Não conhecendo ninguém na cidade e, ainda, sem grana, a comida acabou. “Eu dava leite para a minha filha mais velha, tanto de manhã, à tarde, como à noite, para dormir. Mas ele acabou. Passei então a dar água com açúcar. E, dias depois, sem açúcar, dei chá de erva doce. A nossa situação era crítica demais”, revelou Andrielli.
Ainda desempregado, Roger não tinha dinheiro para o botijão de gás. O jeito foi fazer uma fogueira no quintal. Restos de madeira, eram o combustível. Mas, nos dias de chuva, de março, mesmo a pouca alimentação, não era possível mais fazer. “Eu ia dormir com fome. Acordava com fome. O que tinha, dava a minha filha. Nós estávamos passando fome”, disse. “É triste. É muito triste ver o filho pedindo leite e você não poder dar. Ela tem 4 anos. Não pediu pra vir ao mundo. E por causa de um vírus, está passando por necessidades”, lembrou a mãe. Hoje, a família vive com míseros R$38 ao mês, do Bolsa Família.

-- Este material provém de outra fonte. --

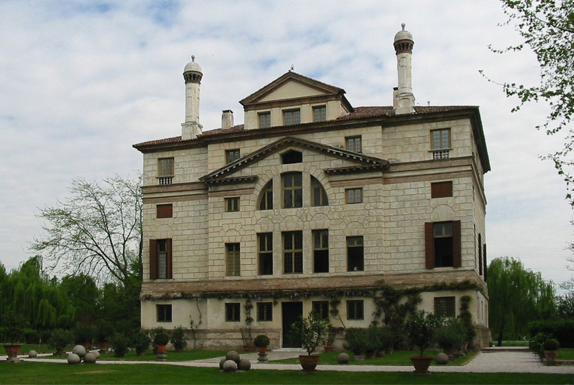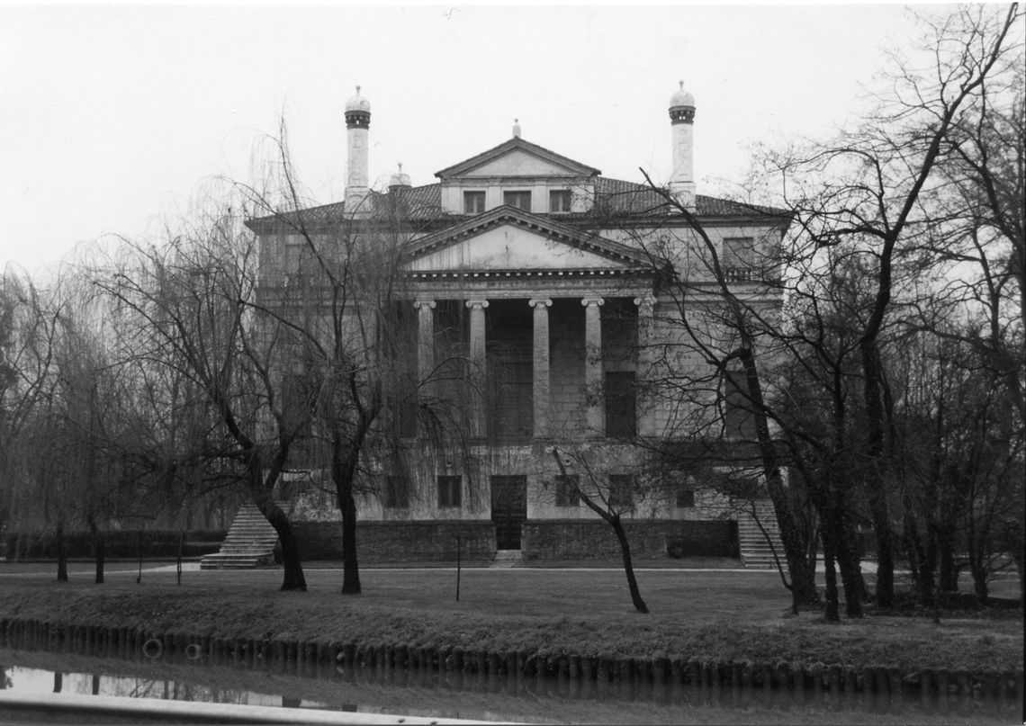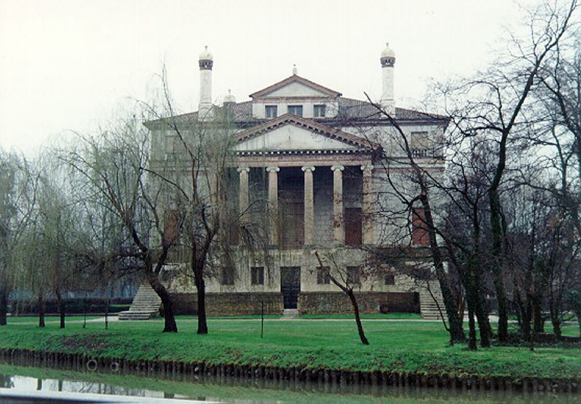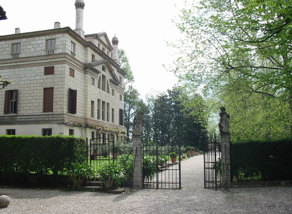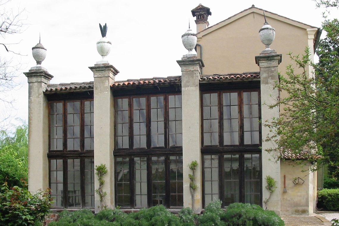 Il corpo padronale si innesta su un profondo pronao esastilo ionico con timpano enfatizzato da un alto basamento e affiancato sui due lati da rampe di scale per l'ascesa al piano nobile. Il prospetto verso il giardino è caratterizzato dalla superficie muraria "disegnata" e dallo sporgere dell'avancorpo centrale su cui campeggia una grande finestra termale.Specifiche:
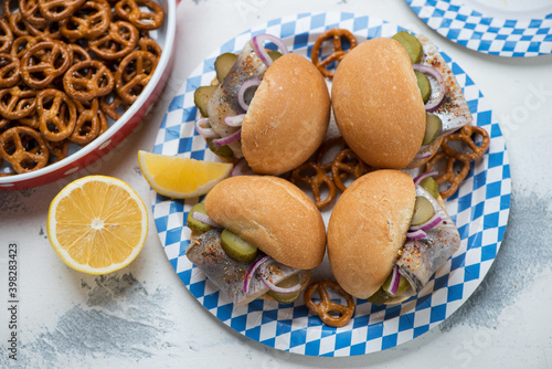 Blue and white carton plate with german fish sandwiches and mini pretzels over white concrete background, horizontal shot
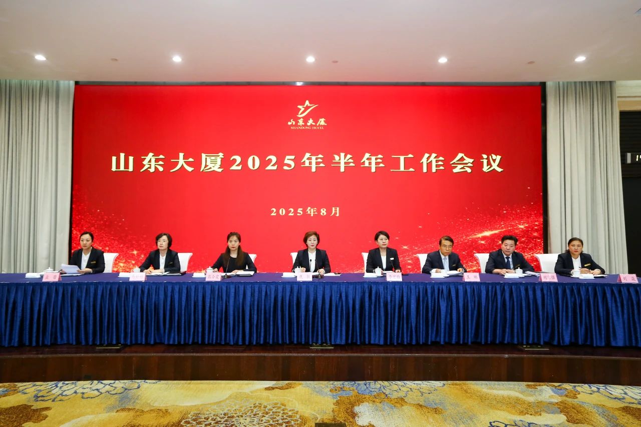 8月14日,山东大厦2025年半年工作会议在中华厅召开。会议深入学习taptap点点体育集团半年工作会议精神,全面总结大厦上半年工作成效、存在的问题和不足,部署下半年重点任务,动员全体干部员工以集团“融转新”战略为指引,锚定目标、开拓创新,为全面完成年度目标任务凝聚共识、汇聚合力。大厦领导班子成员、主管以上管理人员及各外拓项目负责人参加会议。
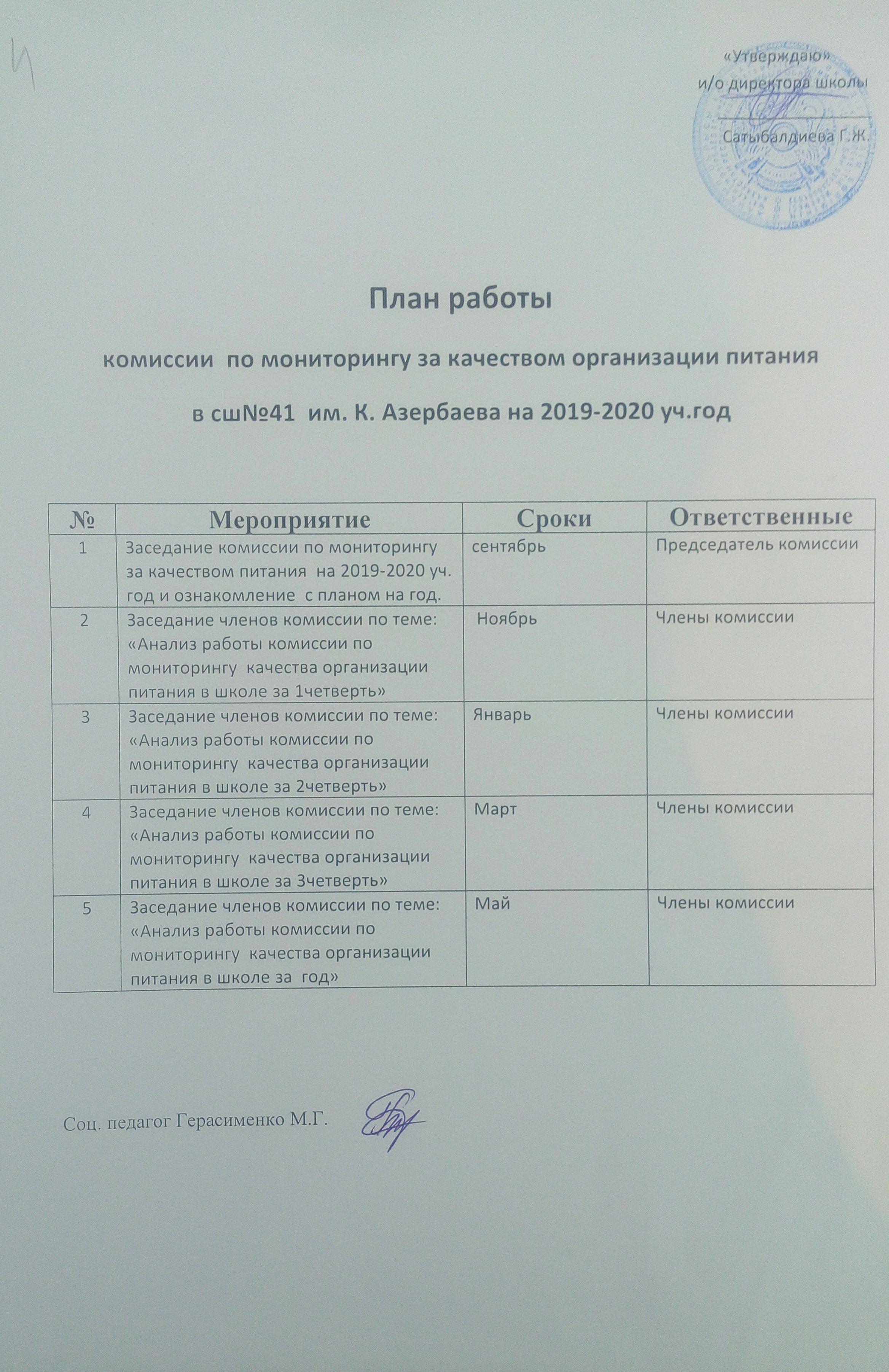 26 февраль 2020 0 1 2 3 4 5 План работы План работы коммиссии по мониторингу за качеством организации питания в сш №41 им К.Азербаева на 2019 - 2020 учебный год

Desesperada e, sem ter a quem recorrer, o jeito foi apelar às redes sociais. Não demorou e veio a ajuda. Ações do bem. E ela chegou através de um projeto da Igreja Calvary. Um grupo preocupado com gente, foi até a residência da família e verificou a realidade. Era fome mesmo. A partir daí, Andrielli e Roger ganharam alimentos, gás, fraldas e o mais importante: compaixão. “Agora, o que precisamos mesmo é um emprego”, afirma a jovem mãe. Segundo ela, o marido também necessita de ferramentas para obter empreitas na construção. Uma maneira de contornar os obstáculos de uma economia bloqueada. O vírus também mata pela fome.
Dados da Fundação Getúlio Vargas (FGV) indicam que hoje, 27,3 milhões de brasileiros estão na faixa de pobreza extrema no país. Ou seja, o número triplicou. Em agosto de 2020, eram 9,5 milhões. São pessoas que vivem com renda inferior a R$232 mensais. De uma certa forma, há muita gente com fome nas cidades do Brasil. E, fechar os olhos à realidade, só aumentará o problema.
FOME PODE AUMENTAR
Pastor da Igreja Calvary, Diego Bitencourt, 34, diz que é perceptível o aumento de pedidos de socorro das famílias. Principalmente, entre a primeira e a segunda onda da pandemia. Segundo ele, Campo Mourão possui um Produto Interno Bruto (PIB), relativamente alto, onde o agronegócio movimenta a economia. “Isso pode fazer com que tenhamos bolhas sociais, pensando que a cidade é próspera. Mas não é. Tem gente que passa fome na nossa cidade”, afirma.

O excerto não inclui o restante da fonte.